In accordance with their Catholic beliefs, Becket's suit argued, the two parish schools "give priority to Catholic families seeking to ensure their children receive a Catholic education," including families from their own congregations as well as Catholic families active in other local parishes and Catholic families who recently moved to the Denver area.
Becket's suit contended the equal-opportunity requirement demands that participating preschools "provide eligible children an equal opportunity to enroll and receive preschool services regardless of ... religious affiliation, sexual orientation, (or) gender identity ... as such characteristics and circumstances apply to the child or the child's family."

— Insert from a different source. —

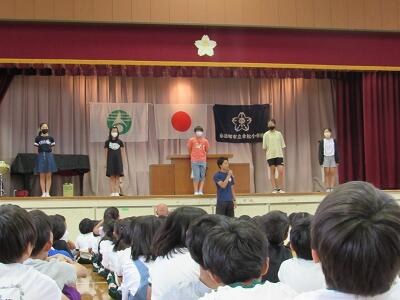 今回は、各委員会の委員長、5・6年生の代表委員を表彰しています。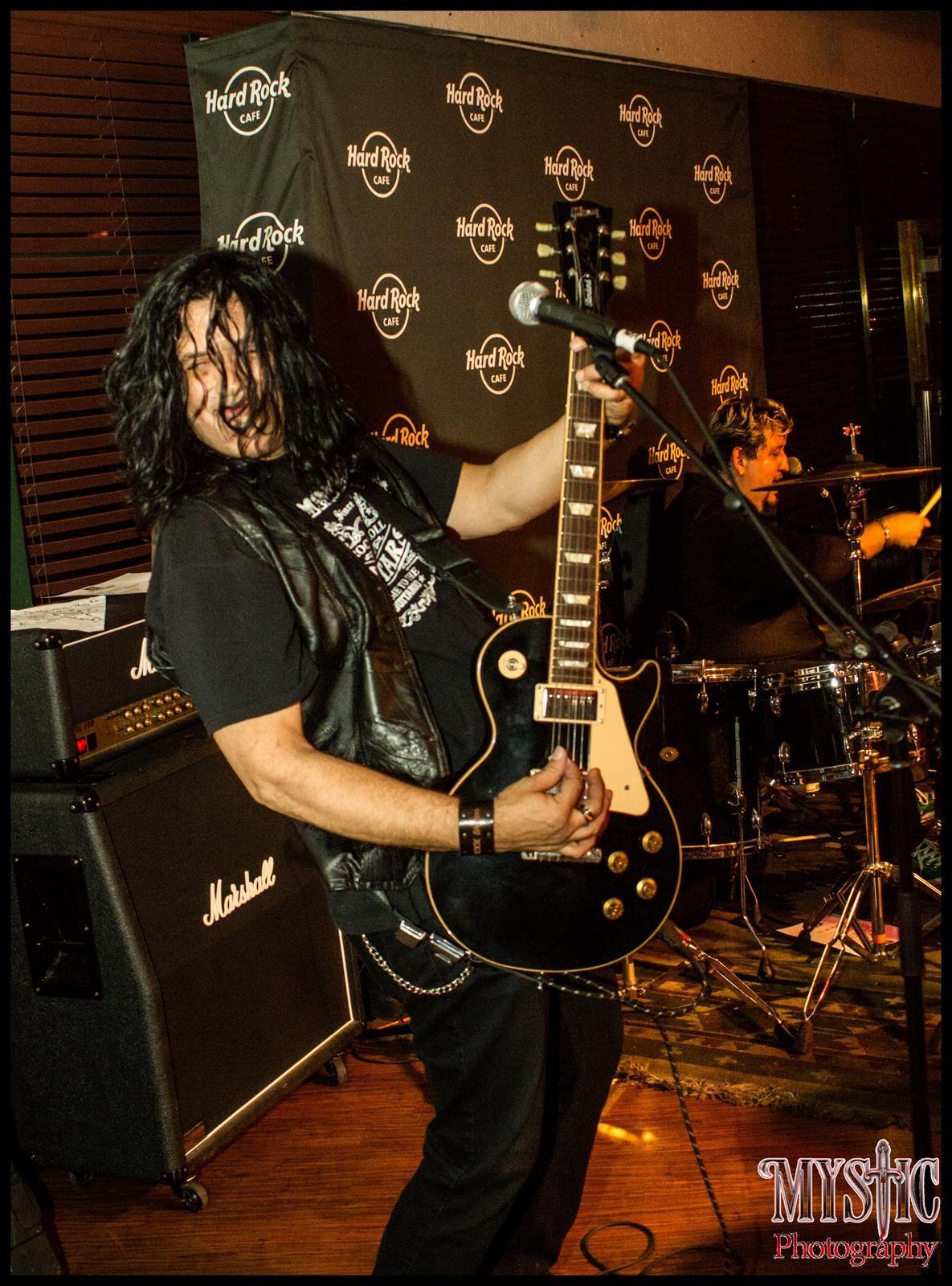 Mark took time off from playing live a couple years after getting married to his wife Jennifer in 2000. He continued to practice and did some studio work. He was lured back into playing live at the Monsters of Rock initial show at Dante's in 2012. Hooked up with Larry at the 3rd MOR show in February of 2013, which eventually led him to Earth to Ashes.

In his June 4 opinion, Kane stated the Catholic preschools "contend this requirement prevents them from making enrollment decisions in accordance with their religious beliefs, as it prohibits them from preferencing Catholic families in enrollment and from considering whether a child or family is supportive of the Catholic Church's teachings, in particular its teachings on human sexuality."
The Denver Archdiocese "did not regard the congregation exception permitted by the (state) as a sufficient accommodation because of how the Archdiocese defines and prioritizes parishioners and because all families — Catholic and non-Catholic — enrolling students in Archdiocesan preschools must sign the Statement of Community Beliefs."
The district judge further ruled that state officials "did not present any evidence of the harm the Department or the public would experience if Plaintiff Preschools are not obligated to comply with the religious-affiliation aspect of the equal-opportunity requirement."
"The constitutional violation found here involves unelected government employees misconstruing a generally applicable statute," he wrote.
Both sides in the case are able to appeal the decision to the 10th U.S. Circuit Court of Appeals.